### Data excerpt

—————

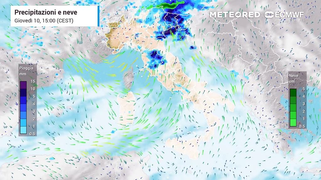 Piogge e temporali, localmente forti, anche tra Liguria di levante e Toscana e qualche fenomeno sparso più modesto non è escluso su Sardegna e regioni meridionali del versante tirrenico e ionico.
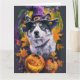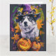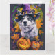 Spooky Akita Halloween Hexe und Pumpkin Karte
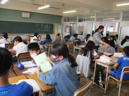 友だちの表現を少し変化させると、どんな短歌になるか、話し合っています。
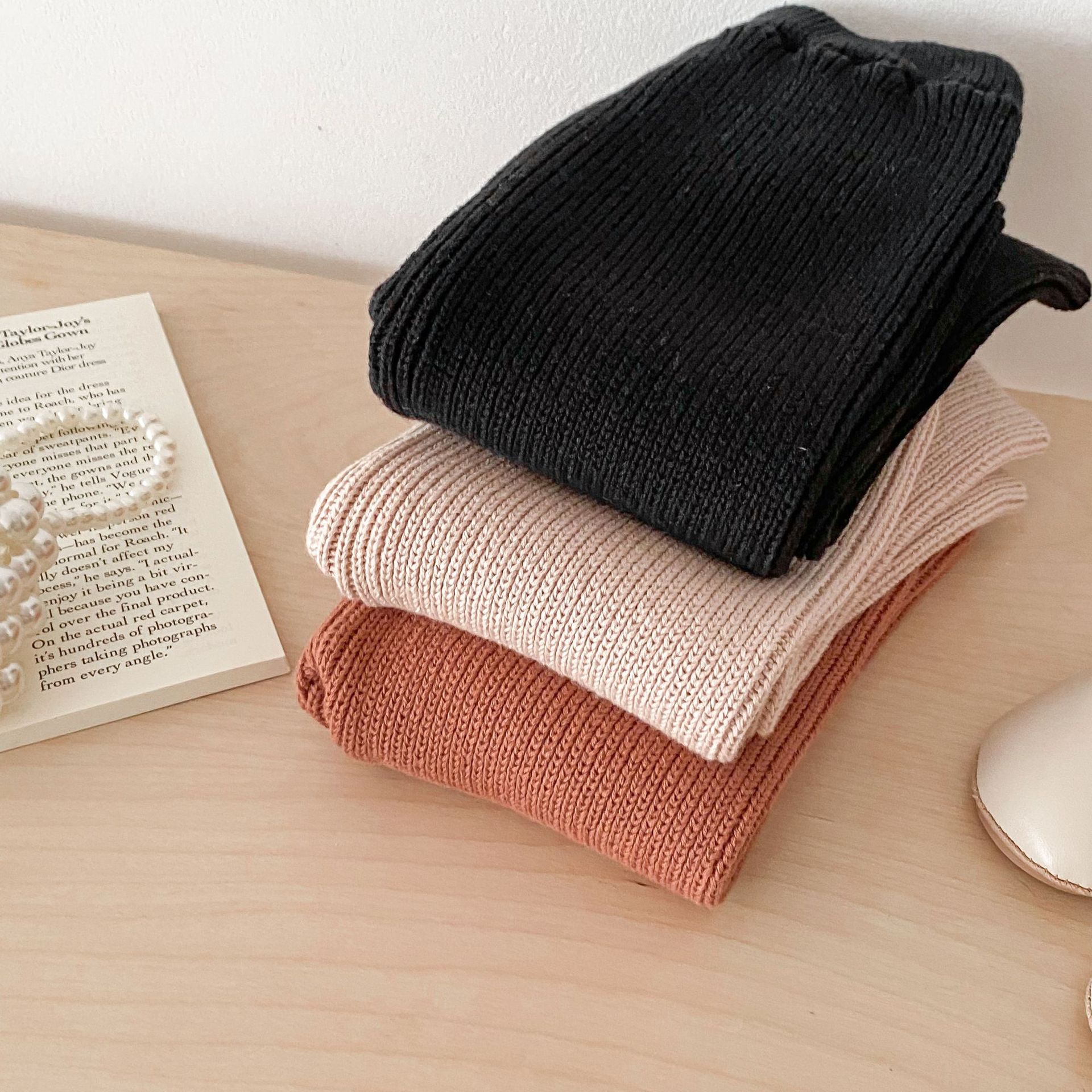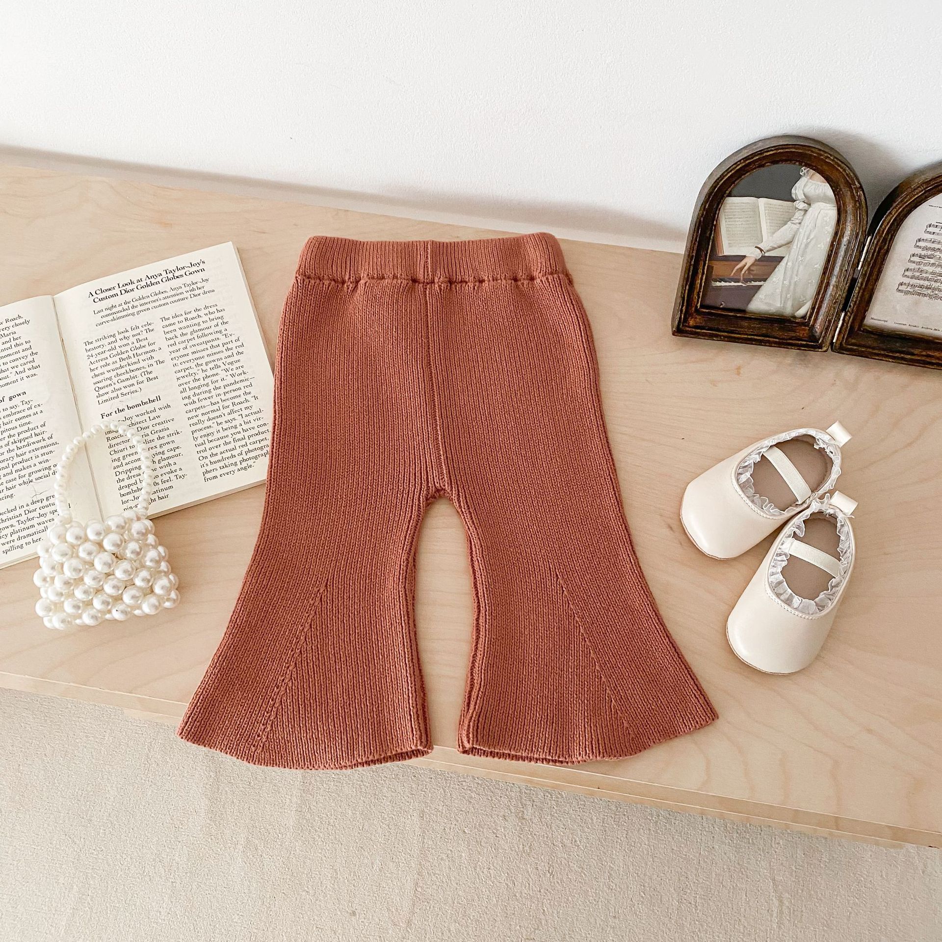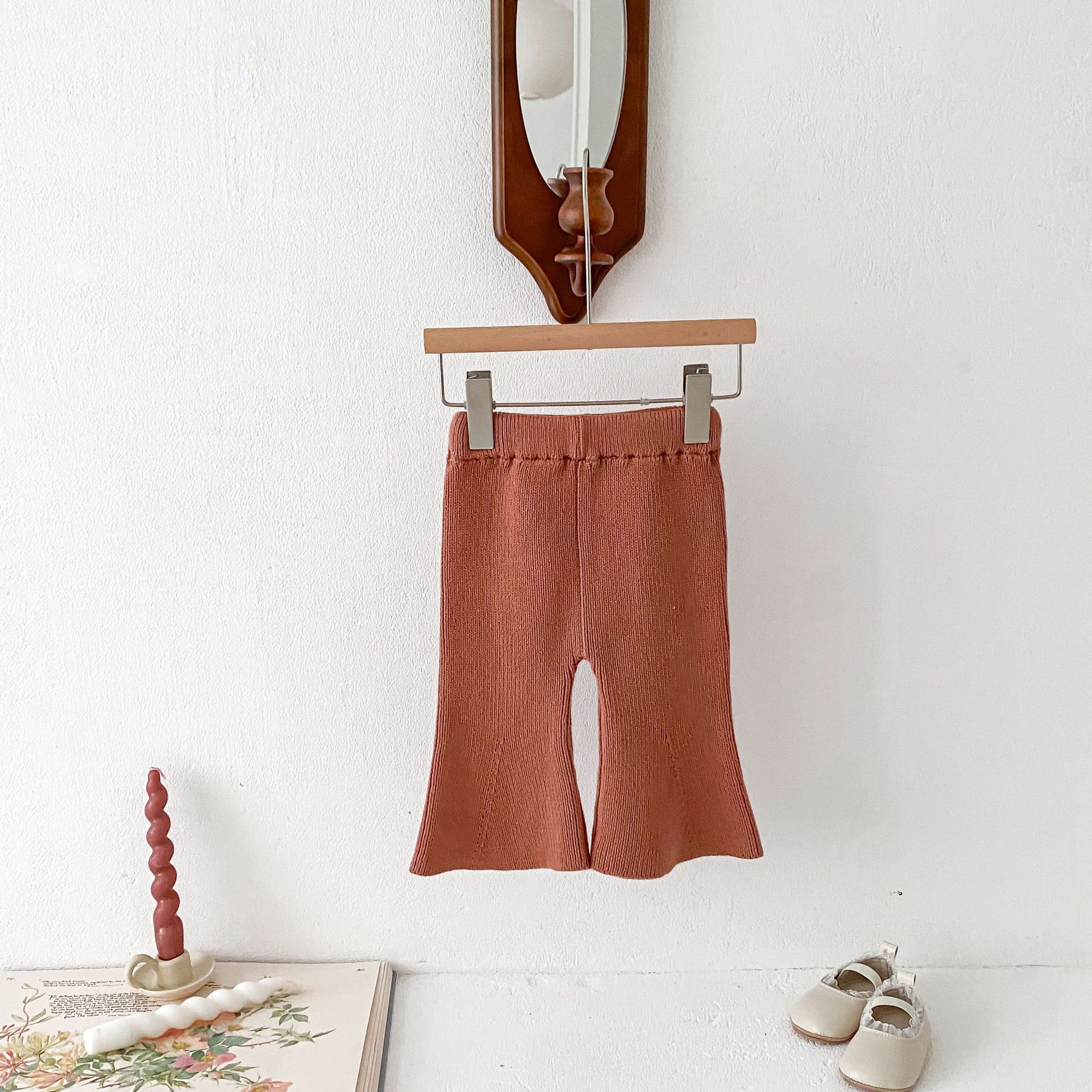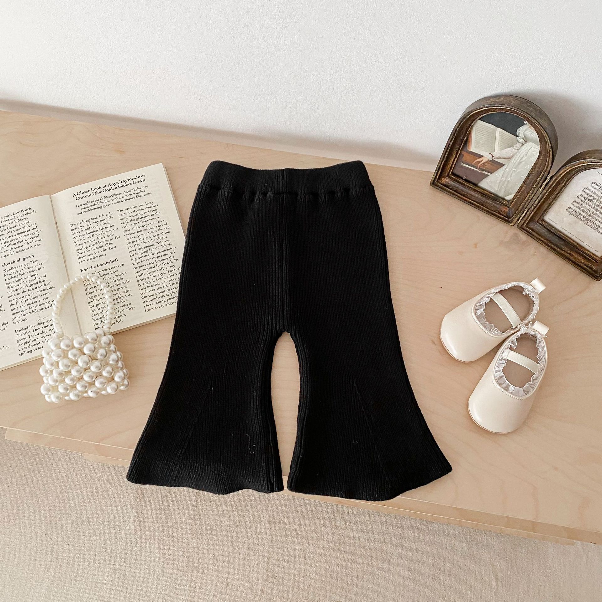 Ins 한국식 아동복 봄과 가을 아기 소녀 바지 니트 코튼 플레어 바지 유아 와이드 다리 바지 레깅스스토어 가기

—————

### Task to carry out
Write out exactly the lines from the line that contains "Spooky Akita Halloween" to the last line of the material above, both included; pictures do not belong in the copy.

### Task output
 Spooky Akita Halloween Hexe und Pumpkin Karte
 友だちの表現を少し変化させると、どんな短歌になるか、話し合っています。
 Ins 한국식 아동복 봄과 가을 아기 소녀 바지 니트 코튼 플레어 바지 유아 와이드 다리 바지 레깅스스토어 가기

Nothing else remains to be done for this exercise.